The early editions of the ALB also looked beyond the immediate legal issues of the day. Makarrata was the name given to the movement amongst non-Indigenous Australians for a symbolic, legal gesture of reconciliation with Indigenous Australians; it was intended that there be a treaty of sorts.[8] Despite 25 years of refinement it sometimes appears that we are little closer to realising this goal for a formal compact than we were in 1981. Perhaps the next Prime Minister, regardless of whether he or she leads the ALP or the Liberal Party, will lead the next step in the reconciliation process.

We have yet to devise a model for the formal compact between Indigenous and non-Indigenous Australians which will receive strong support from a majority of Australians. This challenge confronts a new generation of lawyers and political activists.

There is no more fitting place than the pages of the Indigenous Law Bulletin to expend a few more words on innovative proposals concerning the form and content of that formal compact. I look forward to reading them.

Neil Rees is one of the founding Editors of the Aboriginal Law Bulletin (renamed the Indigenous Law Bulletin in 1997).


[1] Neil Rees, ‘Just More Words?’ [1981] AboriginalLawB 1; (1981) 1(1) Aboriginal Law Bulletin 1.

[2] Ibid.

[3] Ibid.

[4] Steve Lewis and Stuart Rintoul, ‘Indigenous Leader Calls on Howard to Seize Solutions’, The Australian (Sydney), 26 July 2006, 1.
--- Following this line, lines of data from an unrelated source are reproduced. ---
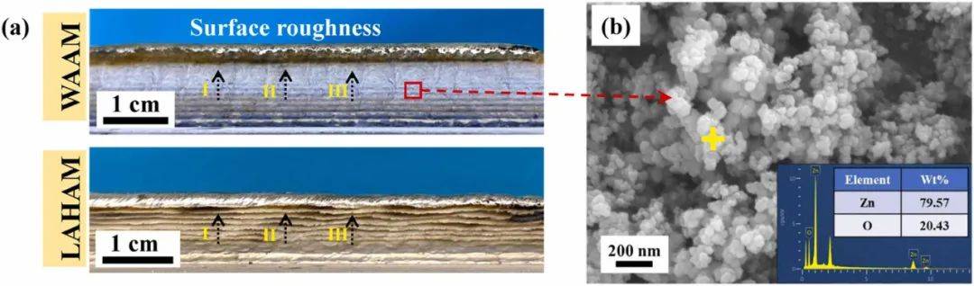 表3顯示了通過WAAM和LAHAM制造的Al-Zn-Mg-Cu合金試樣的化學(xué)成分。給出的元素含量是三個(gè)試樣的平均值。結(jié)果表明,沉積試樣的鋅含量低于金屬絲的鋅含量。白色松散粉末粘附在WAAM試樣的XOZ平面表面,而LAHAM試樣的表面更亮(圖3a)。根據(jù)能量色散光譜儀(EDS)分析,粉末被確定為ZnO,如圖3b所示。鋅的沸點(diǎn)是1180?K、遠(yuǎn)低于Al(2743?K)。因此,鋅會(huì)顯著蒸發(fā),導(dǎo)致其在增材制造過程中含量較低。在高溫條件下,鋅的損失是不可避免的,這是通過焊接和增材制造Al-Zn-Mg-Cu合金的一個(gè)眾所周知的挑戰(zhàn)。Lin等人也通過WAAM在7055鋁合金中觀察到了同樣的現(xiàn)象。如圖3a所示,在沉積樣品的三個(gè)隨機(jī)位置進(jìn)行三次不同的測(cè)量,每個(gè)樣品總共進(jìn)行9次測(cè)量。LAHAM樣本的Rz值為20.9?±?2.3,而WAAM試樣的值為27.3?±?分別為1.3。因此,WAAM和LAHAM過程可以被認(rèn)為是穩(wěn)定的。
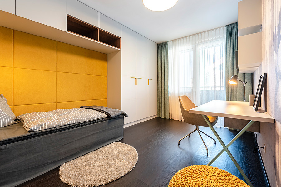 Štvorizbový byt na prvom poschodí sa podľa Andreja Gajdoša najviac hodí pre rodinu s viacerými deťmi. Tomu zodpovedá aj jeho zariadenie. „Mojou víziou bolo, aby pôsobil elegantne, no pritom pohodlne. Bledé drevo a svetlejšie zemité odtiene byt ladia do škandinávskeho štýlu,“ vysvetľuje architekt.
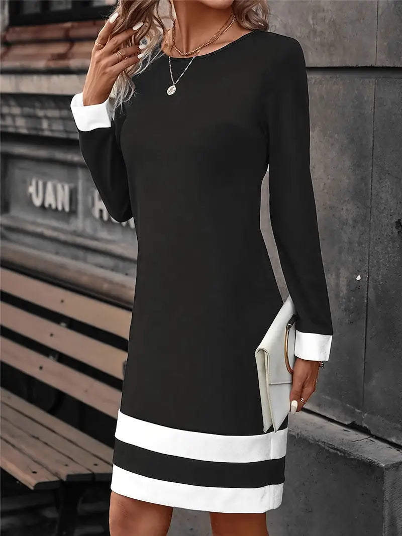 Questo abito a righe con scollo rotondo è una combinazione perfetta di raffinatezza e stile. Le maniche lunghe e la vestibilità slim creano una silhouette adatta a ogni tipo di fisico. La classica scollatura rotonda gli conferisce un tocco senza tempo e lo rende adatto a diverse occasioni. L'abito è realizzato in tessuto morbido e traspirante per garantire comfort ed eleganza. Da indossare con i tacchi per un evento formale o con gli stivali per un'uscita casual, può essere abbinato senza problemi a diversi look. Capo versatile, questo abito diventerà sicuramente il preferito per uno stile senza sforzo.
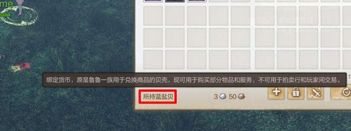 蓝盐贝相当于此前版本中原有的游戏货币,这意味着通过游戏原有的游戏设定,任务奖励、怪物掉落等环节都可以获得蓝盐贝,而蓝盐贝的消费途径也是十分广泛的,购买药水、装备修理、购买房屋/船只图纸、房屋税金、重置天赋等,应用范围的广度与采用双币制前大致相同。
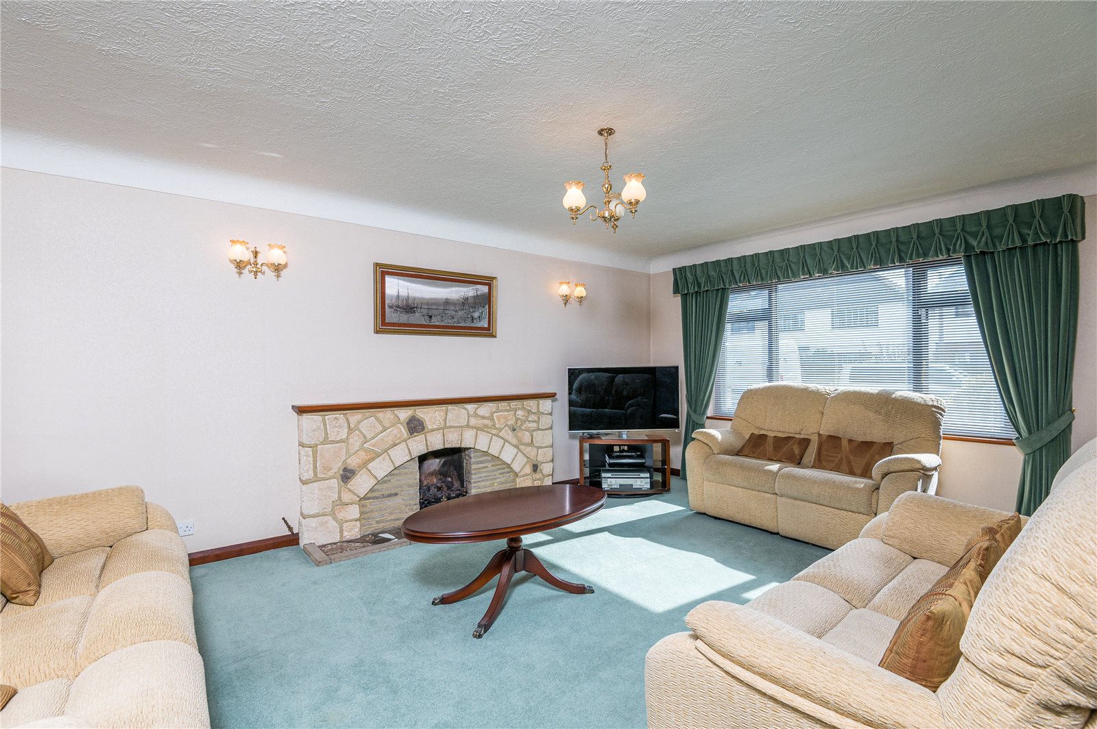 Overall size. This bright and beautifully proportioned "L" shape living room has a double glazed picture window to front. Radiator. Attractive natural stone fireplace with fitted gas fire, timber mantle. Glazed window to rear overlooking the dining room and garden. Archway leading to:
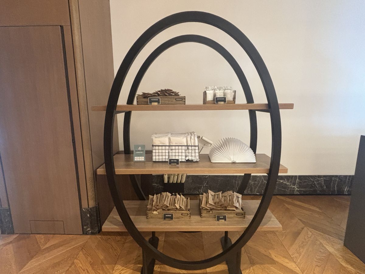 アメニティは、フロントの横にある棚から必要な分だけ持っていくセルフスタイル方式。歯ブラシやボディタオル、髭剃りなど、スタンダードなものはひととおり揃っています。

[5] See, for example, Bryan Keon-Cohen, ‘Land Rights News’ [1982] AboriginalLawB 11; (1982) 1(3) Aboriginal Law Bulletin 13; Garth Nettheim, ‘Major Test Case’ [1982] AboriginalLawB 20; (1982) 1(4) Aboriginal Law Bulletin 1; Graeme Neate, ‘Land Rights News’ [1984] AboriginalLawB 1; (1984) 1(10) Aboriginal Law Bulletin 1.

[6] Mabo v Queensland (No 2) [1992] HCA 23; (1992) 175 CLR 1.

[7] Australian Law Reform Commission, ‘The Recognition of Aboriginal Customary Law’ (1986), tabled in Federal Parliament 12 June 1986, (inquiry commenced 1977), <http://www.alrc.gov.au/inquiries/title/alrc31/index.htm> at 10 October 2006.

[8] See, for example, Bryan Keon-Cohen, ‘Makarrata Legal Issues’ [1981] AboriginalLawB 2; (1981) 1(1) Aboriginal Law Bulletin 2.